Gratitude is also a relational practice, or a connection practice. The joy that arises from gratitude may be attributed, in part, to freedom from the illusion of separateness.
Self Appreciation
Self-appreciation was the third practice for cultivating happiness we explored in Session 10. The first two—savoring and gratitude—provide a foundation for self-appreciation. Appreciating our good qualities means that we have the capacity to savor them, and we need gratitude toward those who have helped us in order to appreciate our strengths without feeling vulnerable and alone.
We can be grateful for many things in our lives, large and small, but we are rarely grateful for positive qualities in ourselves. We tend to criticize ourselves and focus on our inadequacies, and take our good qualities for granted. This gives us a skewed perspective of who we are.
Ordinarily, when we receive a compliment, it bounces right off us, but when we receive the slightest negative feedback, we fixate on it. It feels uncomfortable to even think about what’s good about ourselves.
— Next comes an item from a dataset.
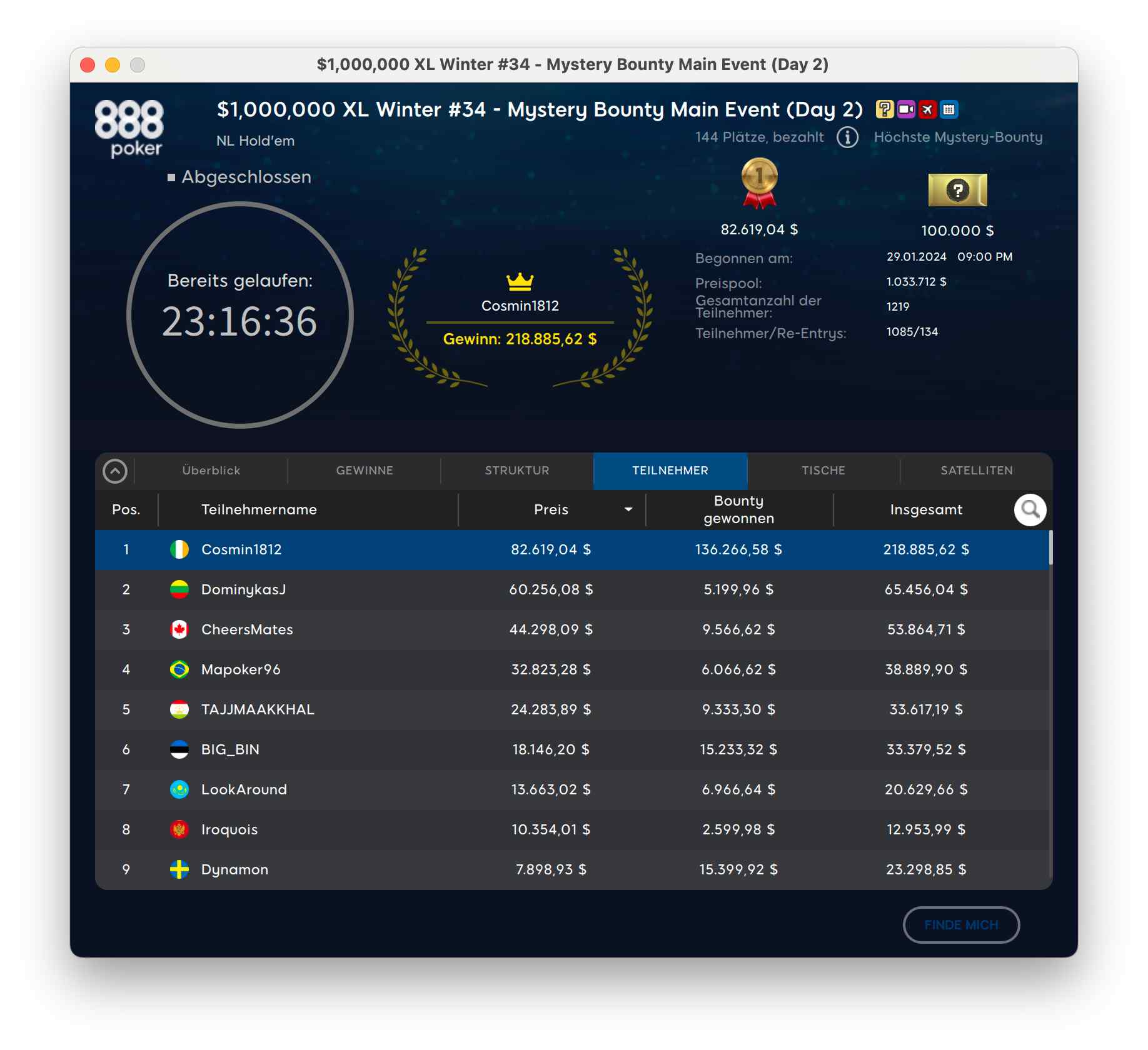 „Cosmin1812“, der aus zweiter Position in die Entscheidung ging, hatte den Lauf seines Lebens. Er konnte direkt zum Start des Final Table seinen Gegner „Iroquois“ mit Damen gegen Jungen vom Tisch nehmen – und das $100.000 Bounty einsacken.

Why is it so hard to celebrate, or be grateful, for our good qualities?
Possible reasons are:
We don’t want to alienate friends by our arrogance.
Good qualities are not problems that need to be fixed.
We’re afraid of falling off our pedestal.
It may cause jealousy
It makes us feel separate.
If we apply the three components of self-compassion to our positive qualities (as well as our negative ones), we can be more self-appreciative.
o Mindfulness - We need to be mindful of our good qualities rather than taking them for granted.
o Self-kindness - We need to be kind to ourselves by expressing our appreciation.
o Common humanity - We need to remember common humanity so we don’t feel separate from or superior to others.
A sense of common humanity is key to self-appreciation: Our good qualities are the result of many people and favorable conditions in our lives—we are connected to everyone else. Therefore, we don't need to take our own good qualities so personally.
When we appreciate our own beauty, we do so not because we’re better than others, but because every human being has wonderful qualities in addition to their not-so-wonderful qualities. As the saying goes, “I may not be perfect, but parts of me are excellent!”
Finally, self-appreciation is not selfish—it's not something we do to benefit ourselves at the expense of others. Instead, it provides the emotional buoyancy and self-confidence we need so that we're able to give to others.